中午吃完饭,我们便来到文登营一个村落,袁波指着不远处一座灰砖灰瓦的院落说:“那就是文登营小学。”
文登营小学始建于清雍正年间,原为文登营守备署附设义学,后改为新式学堂。单看建筑,它和胶东半岛上无数座北方古校并无二致:硬山式屋顶,青砖墙体,木格窗棂,院墙斑驳,透着岁月的温吞。
这座始建于清雍正年间的古校,在胶东革命史上,有着特殊的“身份”,这里曾是胶东特委秘密联络点之一。1935年到1937年,胶东英雄于烺曾在文登营小学担任校长。
村里一名老人迎上来,七十多岁的人,腰板挺直,指着校门右侧一棵老槐树说:“这棵树是1935年栽的。那年‘一一•四’暴动失败后,胶东党组织遭到严重破坏,几个幸存下来的党员就是在这棵树下重新接上头、恢复组织关系的。”
他说得平静,我却听得心头发紧。
“当年从这里走出去的娃娃兵,最小的才十三岁。”老人的话让我心里发酸。十三岁,现在的孩子还在上初中预备班,当年文登营小学的学生已经背着比自己还高的步枪上了战场。他们中的许多人,再也没回来。
袁波对这里非常熟悉,建立文登营小学纪念馆时费尽了他的心血,因为于烺就是他的亲姥爷。

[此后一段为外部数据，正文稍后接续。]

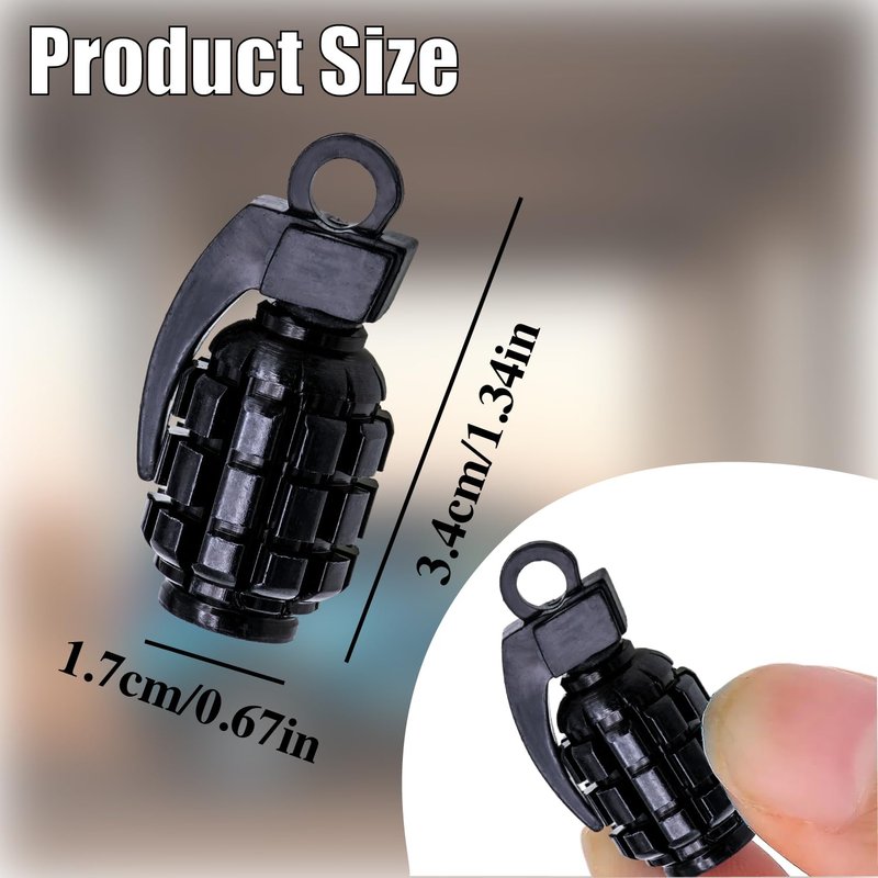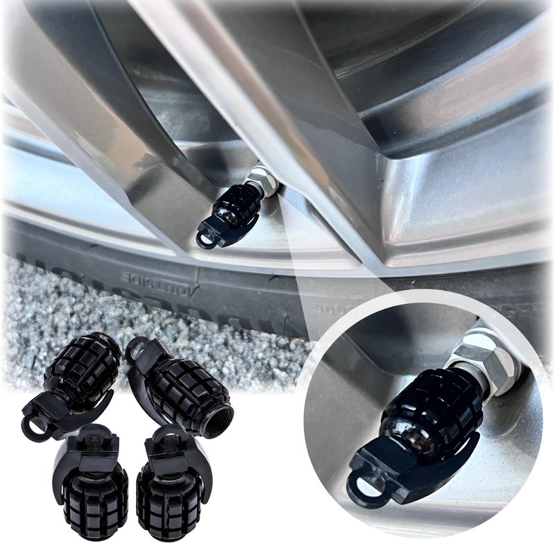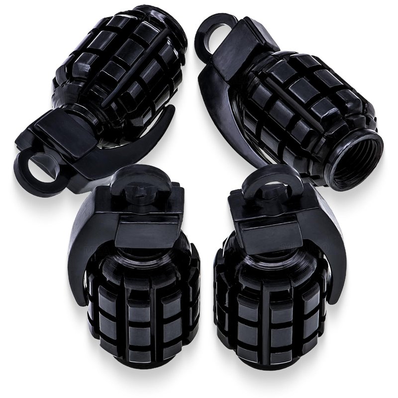 Package includes: 4 x Black Grenade Tire Valve Caps
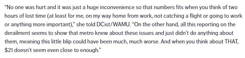 How much is your time and trauma worth after being stuck on a derailed train for nearly an hour and a half and walking through a tunnel to get to safety?
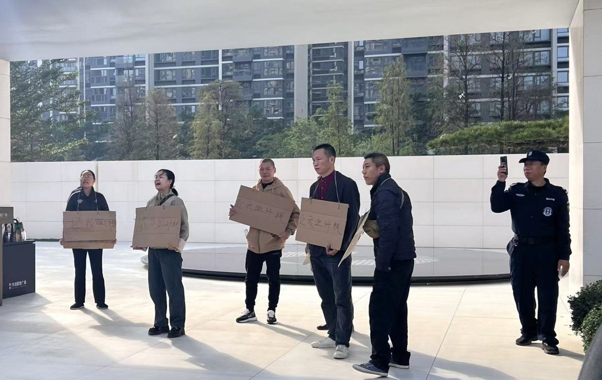 12月13日,广东省佛山市顺德区华润置地广场,工人们挂牌讨薪。

于烺这个名字,我在写作《吕其恩传》初期,对于出现的这个名字,我并没有在意,但随着对胶东革命历史的深入挖掘,发现胶东党和武装由衰到盛的这条主线上,于烺是一个不可缺少的重要人物。于烺,字炳斋,1903 年生于山东省文登大水泊河北村。在烟台省立八中读书期间,因参加五四运动,被学校开除,后转到济南私立正谊中学续读。1922年毕业回乡后,于烺一直在为他的教育救国梦耕耘着。他先是受聘于威海金线顶小学,6年后被聘为高村仰寿小学校长,1932年秋,任大水泊启民小学校长。此时,受中共党员王翼之影响,于烺开办夜校,教唱救亡歌曲,创作排演“文明戏”,宣传革命。于烺在担任文登营小学校长期间,正值一一•四暴动失败,白色恐怖笼罩胶东大地,许多共产党人被迫远走他乡。在那个黑云压城的年代,他聘用了共产党员王台、张玉华等来学校任教,开展党的地下活动,文登营小学成了一所“红色学校”,成为共产党宣传抗日、发动群众的重要阵地。为胶东抗日武装举行天福山起义、威海起义,于烺散尽家财,招兵买马,为蓬黄掖根据地的巩固和扩大做出了很大贡献。在担任掖县抗日民主政府县长期间,于烺为党的抗日活动、为掖县百姓福祉做了大量卓有成效的工作,对胶东革命初期启动和发展壮大,功不可没。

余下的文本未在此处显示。